Amy Appleford, Associate Professor and Department Chair
Amy Appleford specializes in late medieval religious writing, urban and civic literature and culture, the history of the body, women’s literary cultures, visionary writing, reformation writing, the history of the book, and medieval and sixteenth-century drama.
Micah Goodrich, Assistant Professor
Micah Goodrich’s research explores the triangulation among nature, temporality, and (re)production to formulate a premodern trans theology of embodiment. Professor Goodrich considers how the cultural power of nature is invoked by medieval institutions to control embodiment, specifically the body’s power to create and transform.

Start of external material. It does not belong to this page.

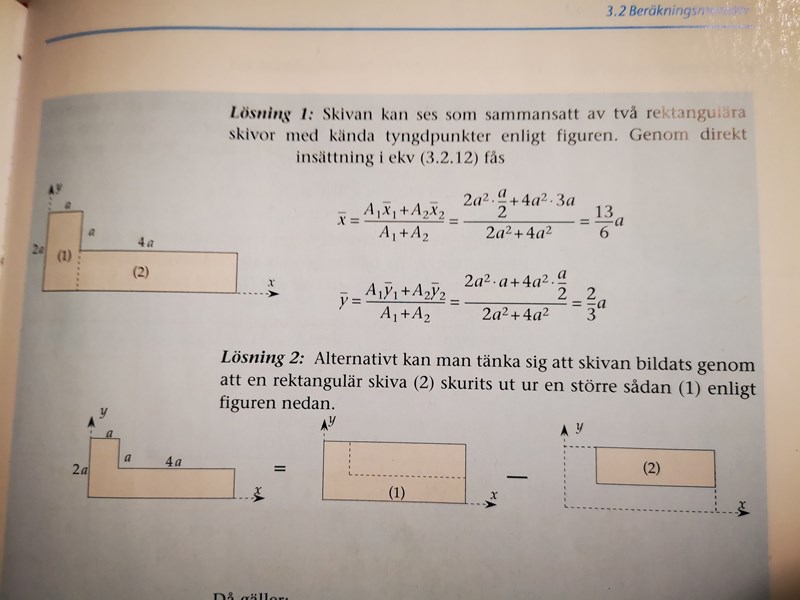 Hejsan! Sitter och läser på om tyngdpunktsberäkningar och har helt fastnat på ett exempel i boken jag inte tycker stämmer (se bild).

Erin Murphy, Associate Professor
Erin Murphy’s research and teaching interests center on the intersection of literature and politics, with primary areas of focus in seventeenth-century English literature, and gender and sexuality studies more broadly.
Christopher Martin’s scholarly work in European Renaissance literature has come to focus particularly on age studies or “literary gerontology”: how old age was understood, misunderstood, and depicted in early modernity, amid the intergenerational politics that shaped period attitudes. An abiding interest in lyric poetry informs his work and his most recent research has taken up the self-conscious gendering that shapes early modern poetry’s lyric performativity and he is currently exploring how male English poets of the seventeenth century found themselves obliged to conceive their art’s “masculine line” anew in the presence of an emerging company of publishing female writers, whose rich accomplishments he examines more exclusively in his course on early modern women authors.
James Siemon’s research, teaching, and publications concentrate on the literature of early modern England, with particular focus on drama, especially by Shakespeare. He is interested in social history and theory, and especially in the socio-linguistic interaction between early modern literature and practical, everyday discourse.
Swen Voekel, Clinical Associate Professor
Swen Voekel has taught a broad range of courses on ancient, medieval, and Renaissance literature, as well as (more recently) courses on Holocaust history and literature. He has published articles on the English Renaissance poet Edmund Spenser and is completing a book that examines the theme of hospitality in epic literature from Homer to Milton.